The result shown in this paper seems counterintuitive, until we realize that operations like multiplication and division are iterative computations in which branching decisions are taken by the hardware. The conditional branchings we need are embedded in these arithmetical operations and the whole purpose of the transformations used is to lift the branches up from the hardware in which they are buried to the software level, so that we can control the program flow. The whole magic of the transformation consists in making the hardware branchings visible to the programmer.

A possible criticism of the approach discussed in this paper could be that it greatly slows down the computations. From a purely theoretical point of view this is irrelevant unless we introduce a complexity measure and we demand a simulation of Turing machines capable of running without an exponential slowdown. From a practical point of view obviously nobody would program the Z3 as we just described, in the same way that nobody solves industrial problems using Turing machines. Also, the large loop of punched tape needed for the TM simulation program would pose extraordinary and most likely unsolvable mechanical difficulties.

We can therefore say that, from an abstract theoretical perspective, the computing model of the Z3 is equivalent to the computing model of today's computers. From a practical perspective, and in the way the Z3 was really programmed, it was not equivalent to modern computers. However, it is clear for me from the study of Zuse's unpublished manuscripts (held in the archives of the Heinz-Nixdorf Museum in Paderborn) that after completing the Z3 he realized (between 1943 and 1945) that he could ``lift'' the decisions taken in hardware to the software level, so as to give the programmer full control of the computation. His plans for a ``logistic machine'' so elementary that the instruction set consisted exclusively of boolean operations, will be discussed elsewhere.


D. Harel, ``On Folk Theorems'', Communications of the ACM, Vol. 23, N. 7, 1980, pp. 379-389.

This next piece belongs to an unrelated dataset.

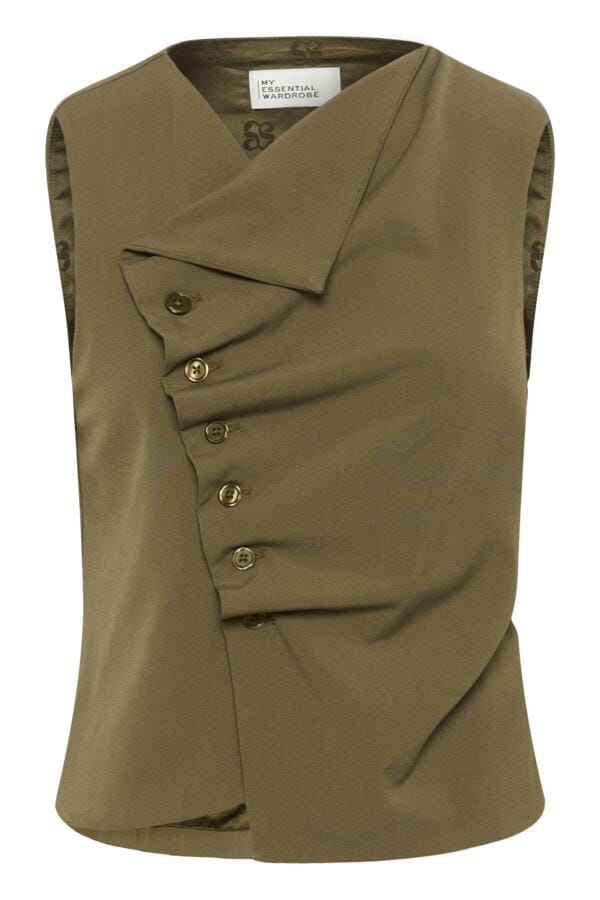 Mouwloze getaileerde top van My Essential Wardrobe met asymmetrische knoopsluiting en moderne drapering

O. Ibarra, S. Moran, L.E. Rosier, ``On the Control Power of Integer Division'', Theoretical Computer Science, Vol. 24, 1983, pp. 35-52.

R. Péter, Recursive Functions, Academic Press, New York, 1967.

R. Rojas,``Conditional Branching is not Necessary for Universal Computation in von Neumann Computers'', Journal of Universal Computer Science, Vol. 2, N. 11, 1996, pp. 756-767.

R. Rojas, ``Konrad Zuse's Legacy: the Architecture of the Z1 and Z3'', Annals of the History of Computing, Vol. 19, N. 2, 1997, pp. 5-16.

R. Rojas, Die Rechenmaschinen von Konrad Zuse, Springer-Verlag, Berlin, 1998.